The engine, a 32 hp Isuzu diesel, will go in in the near future. To insure this will not damage the interior, we are installing a 2 ft. x 3 ft hatch in the pilothouse roof, so the engine can be dropped straight down on the beds. The tanks are build in of plywood, fiberglass, and epoxy. I used some of the increase in displacement to increase the tankage to 50 gal. per side. Nice to have for a long trip, and can be left empty for short hauls.

I suppose you could come up with a harder way to build a Hercules, but it would take some trying. I think it is worth it, since I'll only have about 2000 man-hours in her, and I'm all jigged up for the next one. She is so striking, and the lines so classic, that I believe simply showing her at a wooden boat show should bring me some business. On the next I'll hire some help and probably not finish bright, unless the customer is as crazy as me.

I really believe this concept of using the mold frames to form cedar/epoxy plywood to shape allows a dimension for building that has not been much explored. Complex curves are almost mandatory in the semi-displacement speed range, yet the superior hard chine hull is seldom used because round bilge hulls are easier to mold in wood/epoxy. The additional time involved the way I did it is not great, the weight savings is very considerable, and the cost is almost the same. Also, I believe the maintenance costs on a stitch-and-glue hull will be less. Maybe not so crazy at all. Certainly plywood stitch-and-glue, with it's restriction only to convex curves, takes away a lot of the designer's freedom to innovate.

One last item. On the topsides of the Hercules, the joint at lower sheer line need only be a joint in those areas back aft and far forward where the angle becomes significant. In between I simply planked straight across with the double diagonals. In the area of inflection, I used a 6 " 6 oz. tape along the joint between all layers and on the inside. No loss of strength and no permanent framing.
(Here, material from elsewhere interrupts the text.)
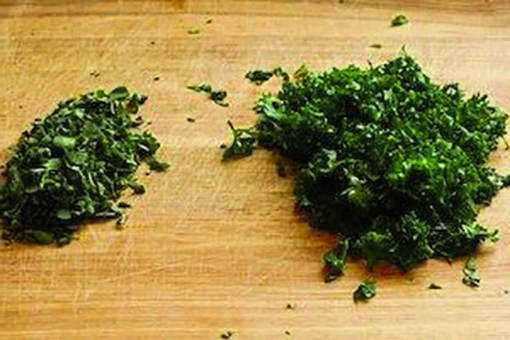 - Hak de knoflook en kruiden fijn.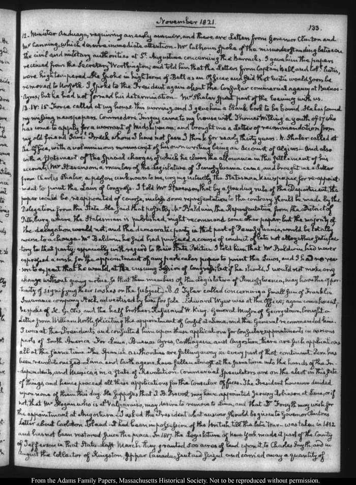 John Quincy Adams diary 32, 21 March 1821 - 30 November 1822 (with gaps), page 133

I am away from home at present, but will send pictures of some of these significant items ASAP. Hope all of this is of interest to you, and I'd appreciate any comments you have. Tell Glen I won't forget to send him the fee for design on any sales we have. And I will consult on any shorter versions, (22 ft., 20 ft, 18 ft.) we may have a request for. I recognize that same hull in a number of your shorter designs.